A 1995 episode of The Simpsons, ‘Lisa’s Wedding’, was set in 2010 and depicted a futuristic world where a video phone was used in place of a normal phone.
Several years later, video calls have not completely replaced normal voice calls, but the two do exist alongside each other.
Jason Downes, MD of Powwownow, says that although video chat is "ideal for instruction-based or a presentational style of meeting", it can "suffer from lag and as such does not always lend itself to a conversational approach."
According to a survey of 1000 workers by TeamViewer, 25 percent of workers have been unable to work remotely successfully due to bad quality video and telephone conference software.
Expense and inflexibility have also been issues in adoption, according to Anne Marie Ginn, Senior Category Manager at Logitech Video Collaboration, Collaboration in EMEA Logitech. Some video collaboration hardware has only been compatible with dedicated-in-room systems, which are expensive infrastructures that have to be managed by the IT department, she says.
These problems have been despite many employees citing benefits of video calls and seeing considerable potential for it. 59 percent of workers agree that video-based communication will replace voice, according to a Fuze survey.
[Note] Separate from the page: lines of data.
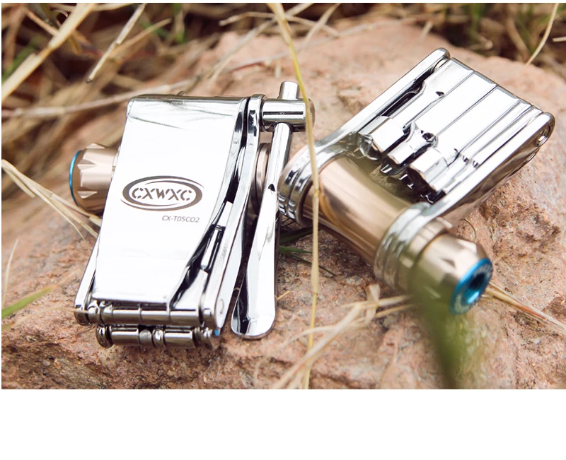 * Бренд: CXWXC* Цвет: серебристый* Модель: CX-T04CO2* Вес: прибл. 132 г* Размер: прибл. 58x50.5x20.5мм* Материал: хром-ванадиевая сталь*[11 в 1 инструмент для ремонта велосипеда]Подходит для: ① 2,5 мм шестигранный бит ② 3 мм шестигранный бит ③ 6 мм шестигранный бит ④ отделение для удостоверения личности-4 мм шестигранный бит (интеграционная схема) ⑤ 8 мм шестигранный бит ⑥ 5 мм шестигранный бит ⑦ PH2 ⑧ e5 отвертка ⑨ 2 мм Аллен бит ⑩ T25 ⑪Cartridge Надувное** Изысканный и компактный, легко носить с собой и использовать** Schrader & Presta патрон адаптера клапана (Картридж в комплект не входит!)Витрина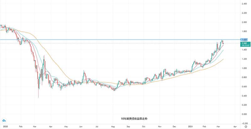 市场预期美国2月CPI同比增速将录得1.7%,较1.4%的前值加快回升,核心CPI同比则维持在1.4%的增长。通胀数据公布前夕,10年期美债收益率持稳在1.6%高位下方。今晚低于预期的CPI可能会抑制收益率,反之如果证实通胀加快回升甚至超过预期,将助长通胀预期及美债收益率的继续上升。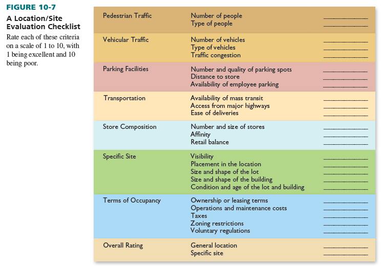 Figure 10-7 has a location/site evaluation checklist. A retailer should rate each alternative location (and specific site) on all the criteria and develop overall ratings for them. Two firms may rate the same site differently. This figure should be used in conjunction with the trading-area data in Chapter 9, not instead of them.

Other surveys show that most business leaders agree that video conferencing is a useful enabler of remote working.
The obvious advantage of video conferencing over voice is the access it provides to people’s facial expressions and body language: non-verbal cues, which modern scientists view as highly important to communication.
It is this advantage, above all, which the Cystic Fibrosis Trust has seen when deploying a Skype for Business solution to allow its staff to communicate.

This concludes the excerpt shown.